Arnold Heredia is a Roman Catholic priest who was born in Karachi, Pakistan in 1940. He attended the Christ the King Seminary (Pakistan) and was ordained a priest of the Roman Catholic Archdiocese of Karachi in 1965. Among his pastoral work he served tribal people in the interior of Sindh province.

== Biography ==
In 1969 Father Heredia founded the Pakistan Christian Industrial Service in collaboration with Lee Lybarger and others.

Inspired by the collaboration within the Christian Conference of Asia (CCA), he helped establish Idara-e-Amn-o-Insaf (justice and peace commission) in 1972. While at St. Francis Parish, Karachi, he launched a program on adult education and social development. He also published a monthly Urdu-language pamphlet, "Sawera" (dawn) which, later on, developed into "Jafakash," the Idara's magazine for workers.

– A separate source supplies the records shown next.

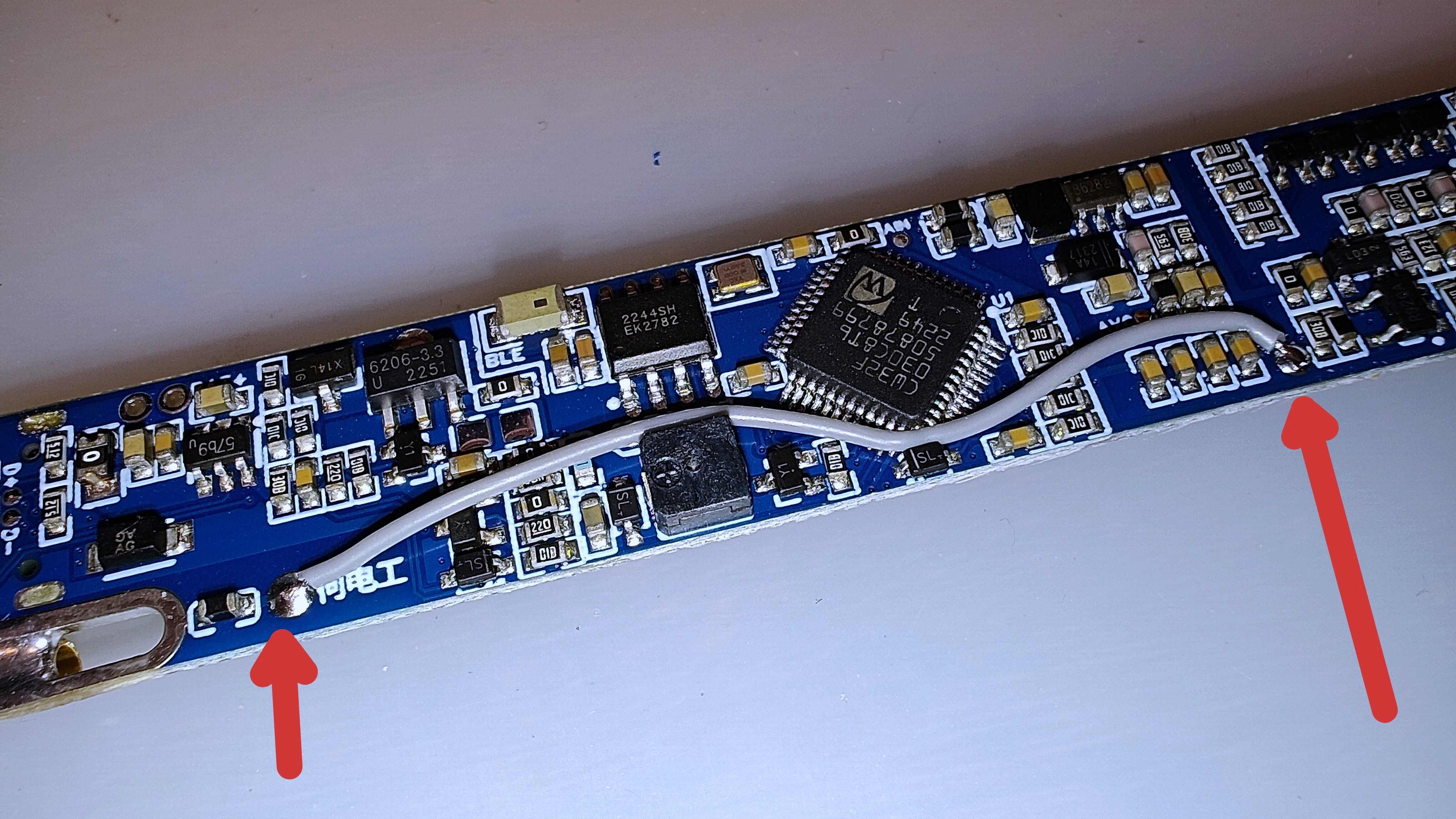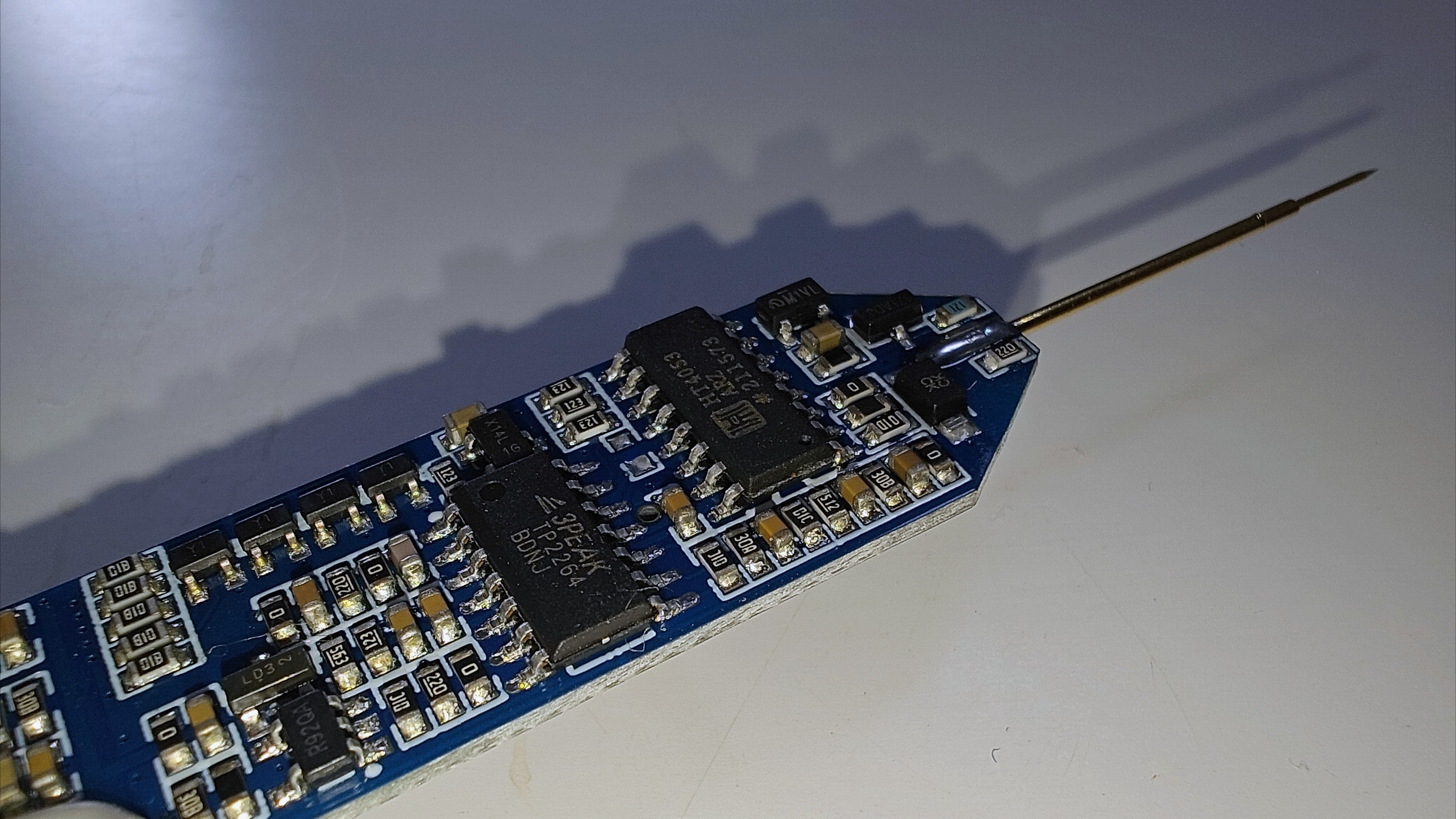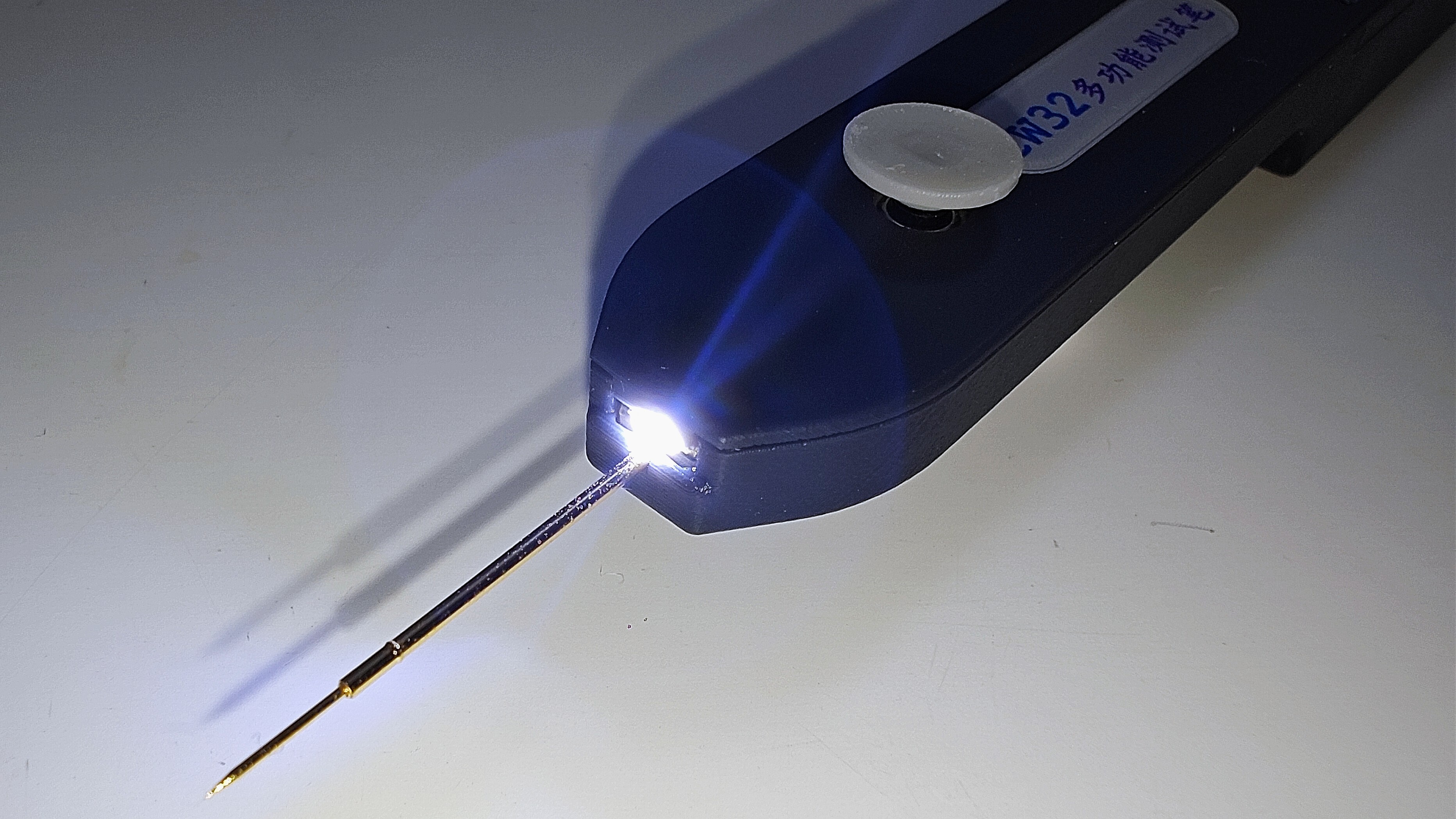 还有一颗侧贴的LED作为笔尖照明灯,方便在机壳内部等较为昏暗的场景进行测试,可以根据需要更换限流电阻来设定自己需要的亮度。
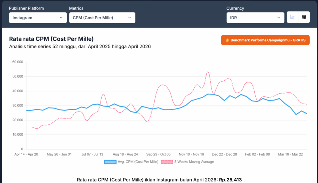 Patokan yang lebih relevan datang dari data advertiser lokal. Berdasarkan analisis time series selama 52 minggu, yaitu periode Juli 2024 sampai Juni 2025, dari belanja iklan lebih dari Rp25 miliar per bulan khusus audiens Indonesia, rata-rata CPM Instagram Ads Indonesia adalah Rp25,413 per 1.000 tayangan.
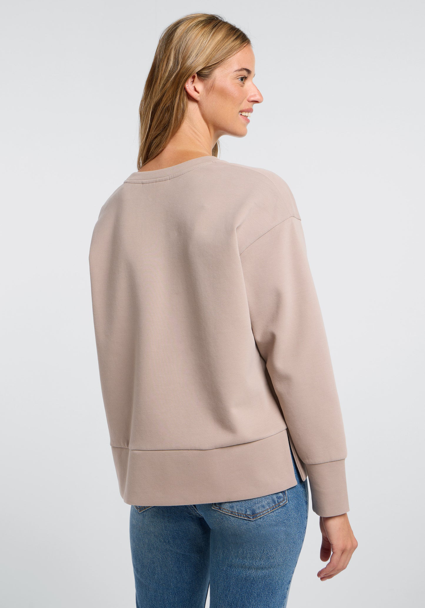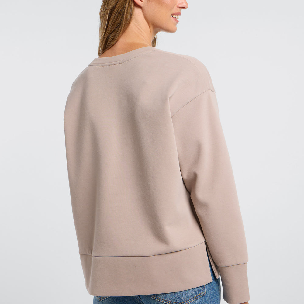 Met een ronde hals, verlaagde schouders en een brede zoom met zijsplitjes overtuigt Tove met moderne details. Een hoogwaardige, zachte rubberprint op de voorkant vormt een subtiel accent en geeft het sweatshirt een bijzondere look die sportief en tegelijk stijlvol oogt.

In recognition of his commitment to the cause of human rights in Pakistan, Father Heredia has been elected a member of the Central Committee of the Human Rights Commission of Pakistan in 1988.

Father Heredia has also served as Rector of the Christ the King Seminary.

A book written by Father Heredia, "Lok Tanzeem Sazi" (organizing people) was published in 2000.

Fr. Heredia was among 17 protestors arrested and detained in Karachi on 10 January 2001. He was taking part in an anti-"Blasphemy Laws" protest held under the auspices of the All Faith Spiritual Movement in Karachi. He was released on 17 January 2001.

Since 2005 he has been serving as the Parish Priest of Saint Peter's Church, Epping, Australia.

In 2016, he set up an organisation LinCoN (Links & Consolidation Network) to help refugees from Pakistan resettle in safer environments.